Пожилая леди слева от них громко ахнула, прикрыв рот рукой, а Магдалена, сидящая по правую руку от девочки, и вовсе лишилась дара речи. Амелия села ровно и продолжила наблюдать за сценой; молодой виконт же, будучи оскорблённым, молча поднялся и вышел вон, неосторожно задев кого-то за плечо.

Как ослеплённый Эдип в конце пьесы Софокла, сломленный и побеждённый, Амелия покинула дворец опустошённая, разочарованная. Магдалена продолжала читать ей нотации до самого расставания в спальне, предупреждая, что девочка ещё пожалеет об отказе принять ухаживания обожавшего её виконта. Вечер окончился на отвратительной ноте, несмотря на то, как она сумела отвадить ухажёра, девочка не почувствовала себя победительницей. Как и прежде она засыпала с тоской и тяжёлым сердцем. Находившаяся у родни из клана Синклер сестрёнка Сара писала восторженные письма о жизни в Лоуленд, и с каждым новым посланием Амелия понимала, насколько сильно они отдалялись друг от друга. Сара росла и училась, Синклеры возлагали на неё большие надежды. Однажды Джеймс Гилли проговорился, что маленькую Сару пророчили в жёны младшему наследнику из знаменитого рода Дугласов. Амелия, узнав об этом тогда, обезумела и нескоро успокоилась. Ей пришлось принять тот факт, что её с сестрой пути разошлись, а о скорой встрече и речи не шло. Амелия день ото дня жила с пожирающими чувствами предательства и несправедливости. Ей казалось, будто она проживает чужую жизнь.

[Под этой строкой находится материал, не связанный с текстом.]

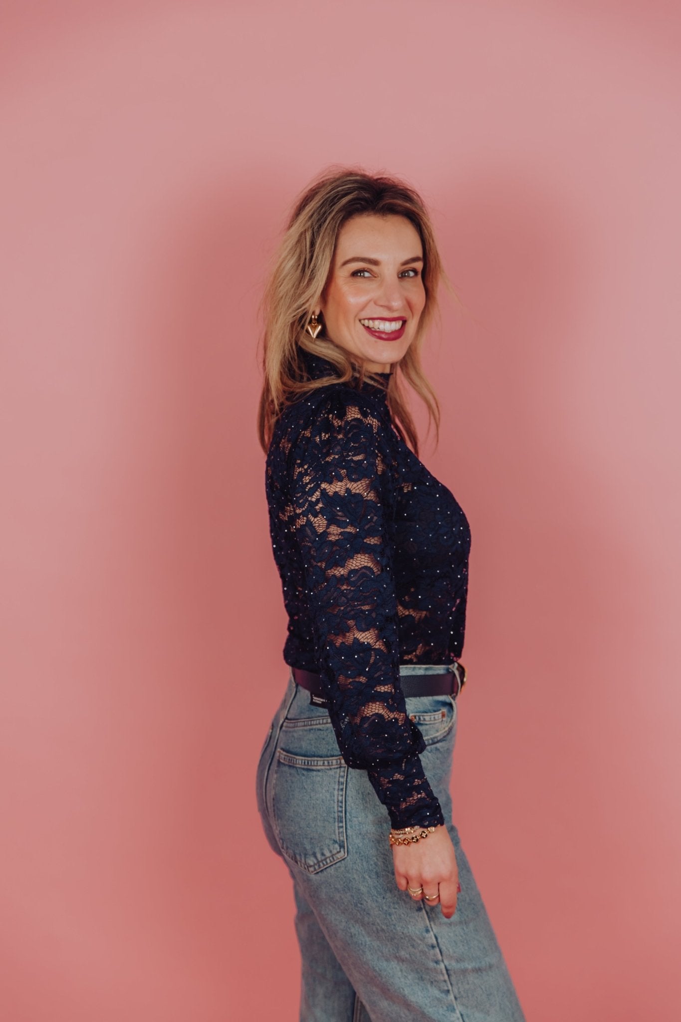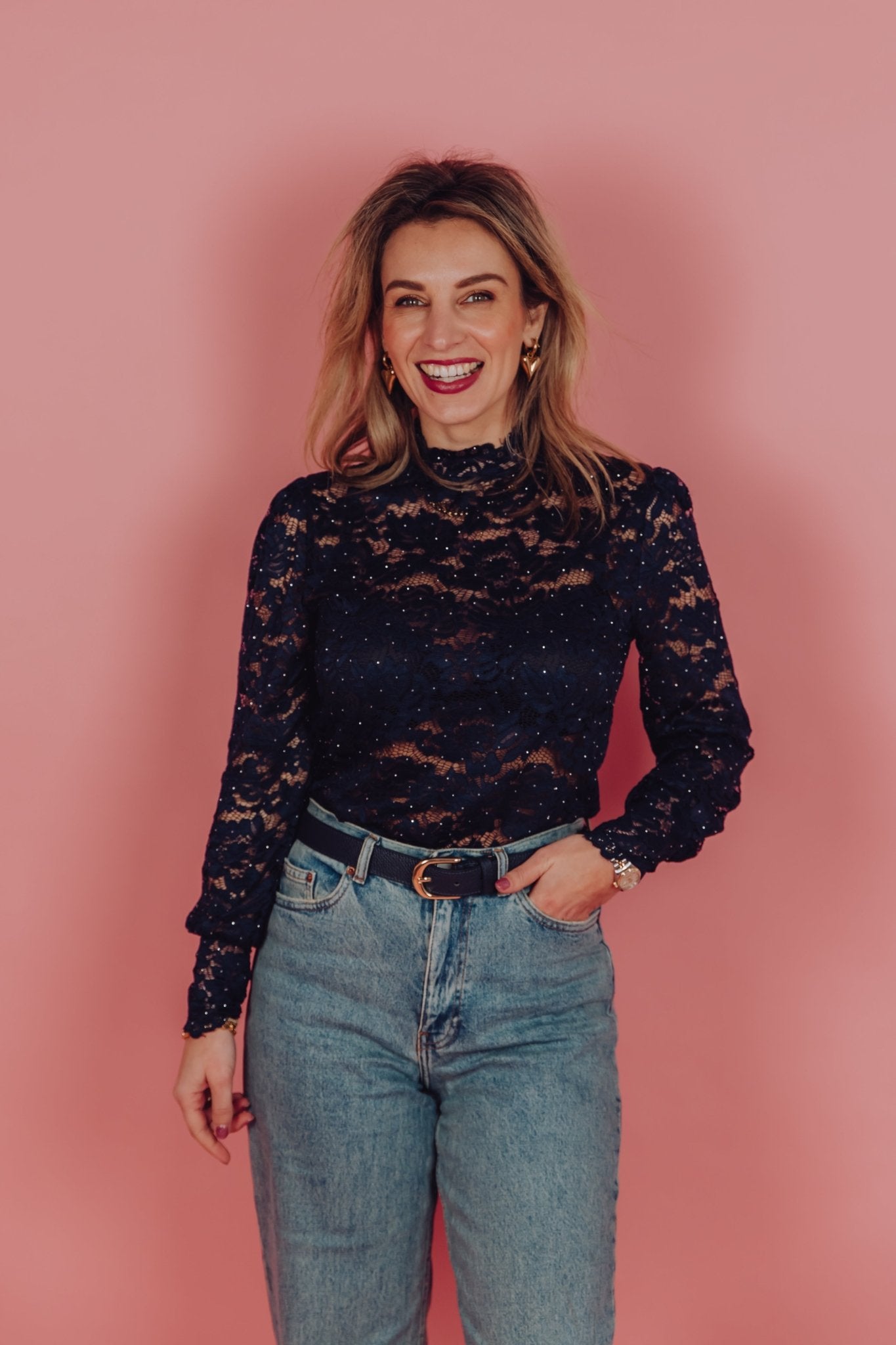 De Kacey Top in navy is een kanten top gemaakt van een kanten stof en heeft een ingewerkt bloemen patroon met strass steentjes. De top heeft lange mouwen en een hoge halslijn met een kleine col. De top is achter in de nek te sluiten met een klein knoopje. Deze top is een echte musthave voor de feestdagen.

В очередной раз её мир пошатнулся, когда Амелия случайно застукала Магду и своего дядю под аркой в восточном коридоре замка. Они целовались, и это было бесспорно. Амелии показалось, что граф буквально хотел присосаться к молодой женщине ртом, так сильно и настойчиво он к ней прижимался. Да и благочестивая Магдалена не слишком-то сопротивлялась. Поражённая увиденным девочка просто ушла, не в силах понять, что она сама испытала в тот момент. Набожная и строгая Магда оказалась не такой уж строгой, однако Амелия решила хранить их маленький секрет и никому не рассказывать о поцелуе в полутьме коридора.

Она не любила сверстников. Старалась сторониться их, никогда не заговаривала первой. Молодые люди, все, как один, казались ей узколобыми и старомодными, с этой их зацикленностью на париках и беседах о политике и восхвалении королевской семьи. Магдалена не могла не заметить поведение воспитанницы, и она всерьёз была обеспокоена тем вниманием, которое оказывал девочке сын лорда Стерлинга.

– Мне он не нравится, – жаловалась она порой графу Монтро наедине. – Их переписка совершенно неприемлема. Чего он хочет от неё? Дружбы? Связей? Средств, в которых отец его ограничивает?

– Мы и так много лет дружны с Эндрю. Его сын кажется странноватым, согласен, но я не вижу в их дружбе ничего дурного, – отвечал Джеймс Гилли.

Няня пыталась возражать, но граф настаивал: пока эти отношения доставляют Амелии радость, он ничего не станет предпринимать. Магда с презрением относилась к молодому лорду, его фантазиям о морских путешествиях, а в особенности к его холостяцким замашкам. Он уже был взрослым самодостаточным мужчиной и, несмотря на это, продолжал отвечать на частые письма четырнадцатилетней девчонки. Магдалена, как могла, нагружала Амелию новыми знаниями, книгами, знакомствами, дабы отвлечь её от этой подозрительной, выходящей за рамки приличия дружбы, но всё было без толку.

 

Письма продолжали приходить целый год, и девочке удавалось узнать, если нянька прятала их или не доставляла вовремя.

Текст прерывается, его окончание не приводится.